Skip the pictures. Give all the data again exactly.

▶ SOURCE MATERIAL:
┏━━

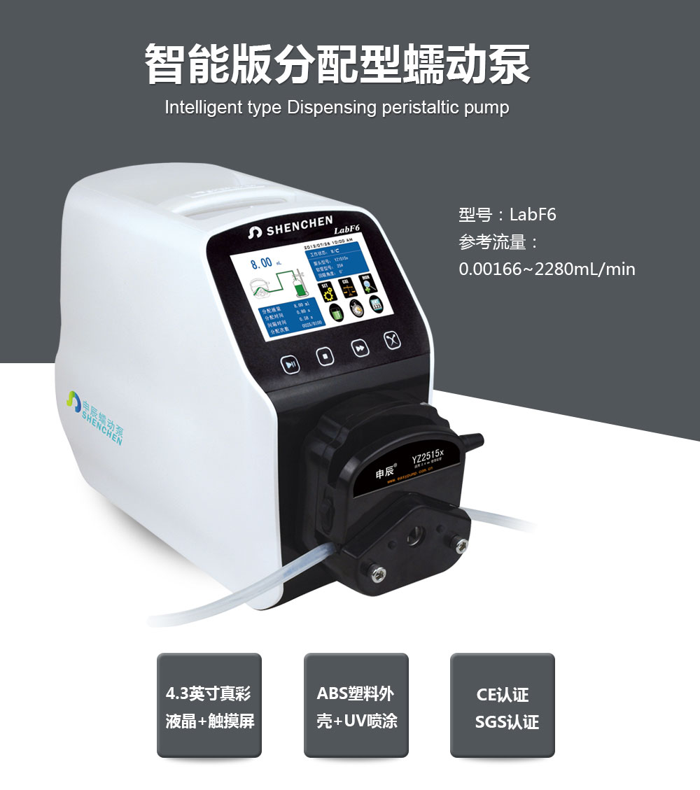 自動(dòng)分液器/連續(xù)分液器/智能分配型蠕動(dòng)泵,智能分配型工業(yè)蠕動(dòng)泵,采用ABS工程塑料外殼,加噴UV涂層,實(shí)現(xiàn)防腐蝕,防靜電保護(hù)。流線型機(jī)身設(shè)計(jì),工業(yè)級(jí)4.3英寸真彩色顯示,觸摸屏操作,轉(zhuǎn)速范圍1-600轉(zhuǎn)/分鐘,流量范圍0.00166-2280ml/min,可預(yù)設(shè)分配流量,分配時(shí)間,間隔時(shí)間,分配次數(shù),回吸角度,動(dòng)畫顯示工作狀態(tài),分配數(shù)據(jù),設(shè)定參數(shù),系統(tǒng)配置同屏顯示??蛇B接腳踏開關(guān)或開關(guān)信號(hào),實(shí)現(xiàn)遠(yuǎn)程控制,適用于大流量、高效率、高精度灌裝。
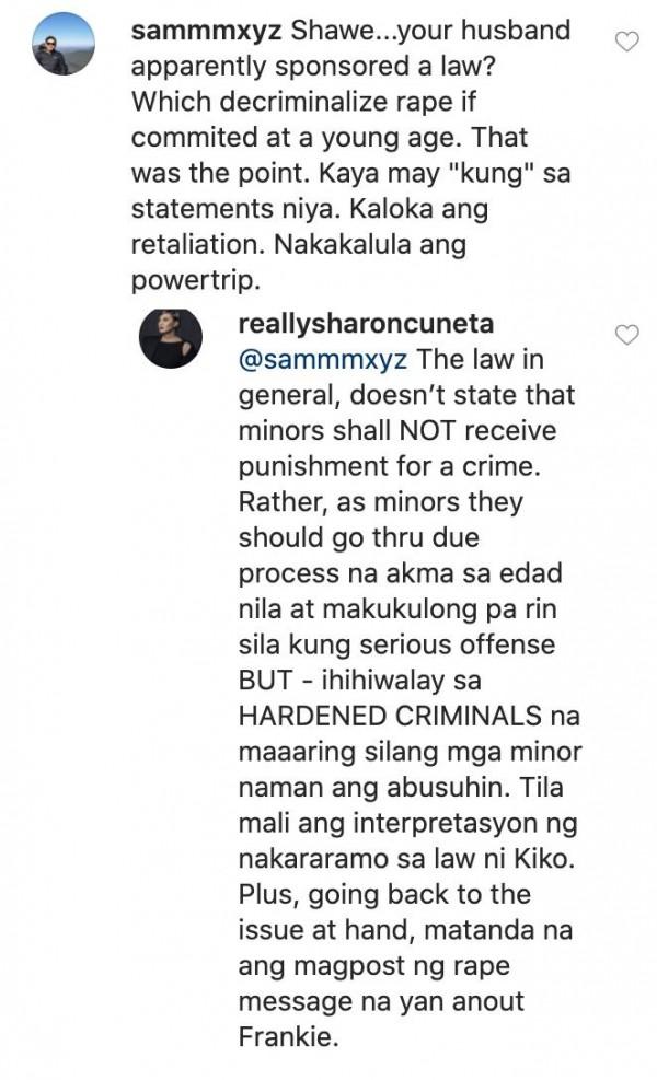 Sharon, defending her husband, said, “The law, in general, doesn't state that minors shall not receive punishment for a crime. Rather, as minors they should go through due process na akma sa edad nila at makukulong pa rin sila kung serious offense. BUT --- ihihiwalay sa hardnened criminals na maaring silang mga minor naman ang abusuhin.
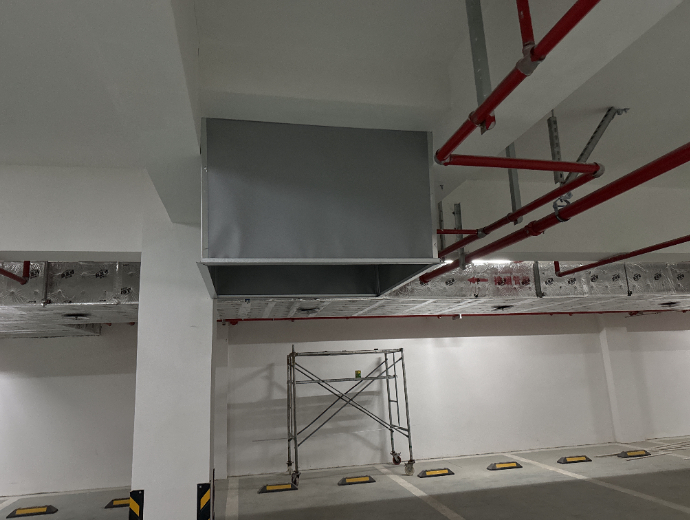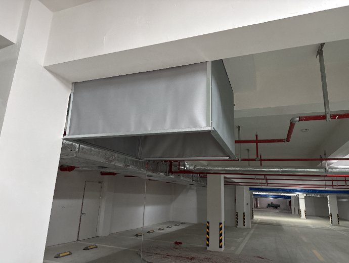 滨河映居住小区工程总承包(EPC)项目,位于江苏省宿迁市宿城区,选用了恒开利固定式柔性挡烟垂壁(0.5mmA级防火布)。
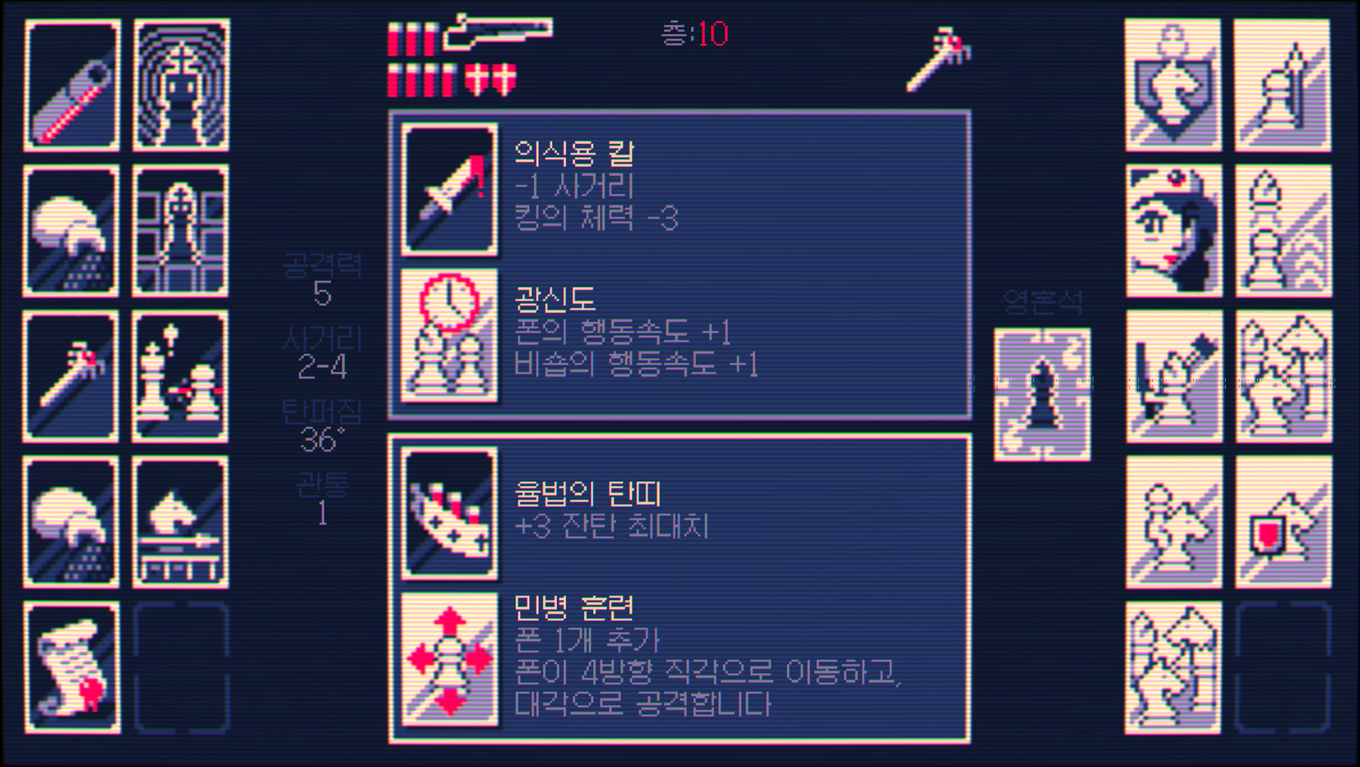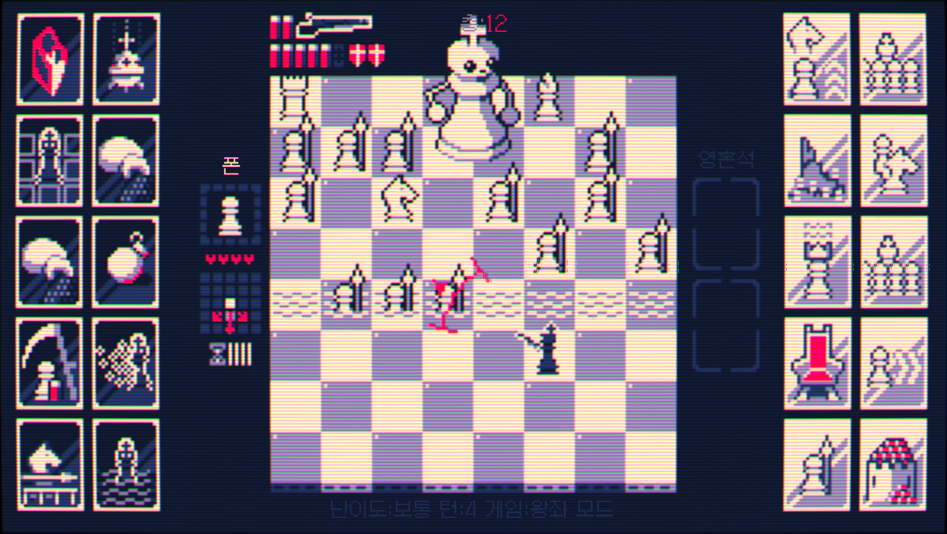 차례가 올 때마다 킹을 움직이거나 적을 향해 산탄총을 갈겨버릴 수 있지만, 총을 재장전하려면 귀중한 한 수를 소모해야 합니다. 체크메이트를 피하며 백색 킹을 처치해 한 층을 완료하고, 다음 층으로 나아가세요! 한 층을 완료할 때마다 두 가지 선택지가 주어집니다. 각 선택지마다 흑색 킹과 백색 킹의 군대를 강화하는 업그레이드가 하나씩 포함되어 있습니다. 탑을 올라 왕좌를 되찾으려면 신중하게 선택해야 할 것입니다.

┗━━

▶ WRITTEN ANSWER:
 自動(dòng)分液器/連續(xù)分液器/智能分配型蠕動(dòng)泵,智能分配型工業(yè)蠕動(dòng)泵,采用ABS工程塑料外殼,加噴UV涂層,實(shí)現(xiàn)防腐蝕,防靜電保護(hù)。流線型機(jī)身設(shè)計(jì),工業(yè)級(jí)4.3英寸真彩色顯示,觸摸屏操作,轉(zhuǎn)速范圍1-600轉(zhuǎn)/分鐘,流量范圍0.00166-2280ml/min,可預(yù)設(shè)分配流量,分配時(shí)間,間隔時(shí)間,分配次數(shù),回吸角度,動(dòng)畫顯示工作狀態(tài),分配數(shù)據(jù),設(shè)定參數(shù),系統(tǒng)配置同屏顯示??蛇B接腳踏開關(guān)或開關(guān)信號(hào),實(shí)現(xiàn)遠(yuǎn)程控制,適用于大流量、高效率、高精度灌裝。
 Sharon, defending her husband, said, “The law, in general, doesn't state that minors shall not receive punishment for a crime. Rather, as minors they should go through due process na akma sa edad nila at makukulong pa rin sila kung serious offense. BUT --- ihihiwalay sa hardnened criminals na maaring silang mga minor naman ang abusuhin.
 滨河映居住小区工程总承包(EPC)项目,位于江苏省宿迁市宿城区,选用了恒开利固定式柔性挡烟垂壁(0.5mmA级防火布)。
 차례가 올 때마다 킹을 움직이거나 적을 향해 산탄총을 갈겨버릴 수 있지만, 총을 재장전하려면 귀중한 한 수를 소모해야 합니다. 체크메이트를 피하며 백색 킹을 처치해 한 층을 완료하고, 다음 층으로 나아가세요! 한 층을 완료할 때마다 두 가지 선택지가 주어집니다. 각 선택지마다 흑색 킹과 백색 킹의 군대를 강화하는 업그레이드가 하나씩 포함되어 있습니다. 탑을 올라 왕좌를 되찾으려면 신중하게 선택해야 할 것입니다.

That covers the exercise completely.